Container can be std::string, std::vector...

On Apr 8, 11:46*am, Pete Becker <p...@versatilecoding.com> wrote:
> It's not quite that simple. If the iterator is a class type you can
> decrement it. So if the iterator isn't a class type, the code is
> ill-formed; if the iterator is a class type, the code works fine. But
> it's not portable.

Using rbegin() instead of --end() should fix that.

--Jonathan

On Apr 8, 4:46 pm, Pete Becker <p...@versatilecoding.com> wrote:
> Victor Bazarov wrote:
> > keith wrote:
> >> Is the following code well-formed and portable?

> >> Value value;
> >> Container<Value> c;

> >> c.push_back(value);
> >> c.erase(--c.end());

> >> Container can be std::string, std::vector...

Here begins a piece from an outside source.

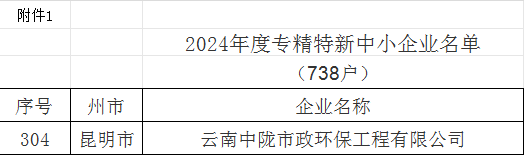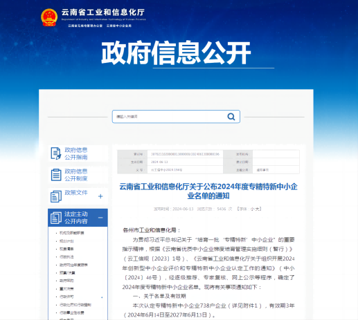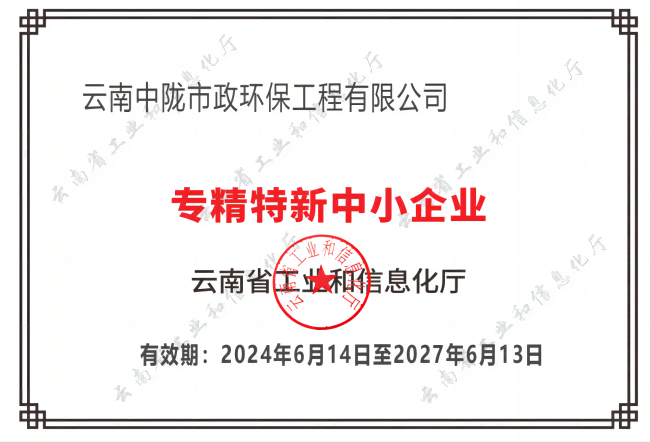 2024年6月13日,云南省工業(yè)和信息化廳發(fā)布《2024年度專精特新中小企業(yè)名單》,云南加拿大28咪牌市政環(huán)保工程有限公司榮獲專精特新中小企業(yè)稱號。

> > First thing that came to my mind: c.end() returns a
> > *temporary* which isn't an lvalue. Decrement requires an
> > lvalue, hence the code that has (--c.end()) is ill-formed.
> > Ill-formed program cannot be portable. So, the answer to
> > your question is "No".

> It's not quite that simple. If the iterator is a class type you can
> decrement it.

Maybe. If the iterator is a class type and the increment
operator is a member, you can decrement it. If the increment
operator is a free function, taking the iterator as a non-const
reference, you can't. (I don't know of any implementations
which do it that way, but I don't know why. It's the way I'd do
it.)

--
James Kanze